All stats via Natural Stat Trick and NHL.com

1.Now THAT is starting with some jump

We’ve spent a lot of this season so far bemoaning the starts that the Flyers have gotten off to, and with good reason—far too often they came out flat and struggled to get going, and more often than not dropped at least the first goal of the game and had to work doubly hard to try to dig themselves out of a hole. It was tiresome, and it was costly, and we and they knew that they needed to be better. They shored it up on the road trip, and they carried that momentum home.

The Flyers came out with some jump right out of the gate, with noticeably more speed than we’re used to seeing from them in the early parts of games, and they used that to get right to work. They took what had been working for them on the road trip and ran with it—creating some initial chances on the rush, but when they got the puck into the zone, they got it in deep, and they focused on generating chances in close. And it shouldn’t, then, come as much of a surprise that they were rewarded with two goals—care of Travis Konecny and Scott Laughton—before we hit the six minute mark as a direct result of those efforts. And it was exactly what we had been asking them for—a strong start to help them build their momentum and start to take over the game, to at least build themselves a cushion, should they need it (narrator: they did). The only bad part was that it couldn’t quite hold (but more on that later).

2.The power play

We got an early first look at the power play in this one, when they had a chance to extend their lead after 2:32 when Richard Panik was called for hooking, and we were hopeful that they could even out a little, start to get some results. And, well, that didn’t really happen. Not on that chance, not on any of the four chances they had on the night.

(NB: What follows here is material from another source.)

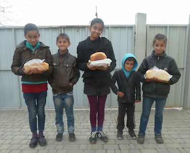Zu Familie Nagolski gehören 14 Personen, die in diesen Tagen durch eine schwere Zeit gehen. Sie haben kein Wasser auf ihrem Grundstück und sind froh, dass sie von uns Wasser erhalten. Da sind die Kinder natürlich begeistert, dass sie wieder jeden Tag in unser Haus kommen können, in dem sie duschen dürfen, in dem sie eine warme Mahlzeit erhalten.

The least bad we saw from then was just an inability to close—they put up a couple of chances, particularly on that first go, but they just couldn’t quite get the finish. And then it got a little worse as they struggled to get set up and generate much of anything.

And then, of course, the absolute, abject tire fire broke out when they allowed two shorthanded goals in a span of 24 seconds. And, really, they shouldn’t have happened. The first was just bad luck—Derek Stepan had a clean breakout because the linesman interfered with Shayne Gostisbehere and didn’t let him through the neutral zone to make chase. The second was Michael Grabner doing what he does, and the Flyers doing what they do, in putting up an awful, sloppy shift in the immediate aftermath of that goal. Hakstol said after the game that he should have used his timeout after the Stepan goal to settle things down, and he’s right.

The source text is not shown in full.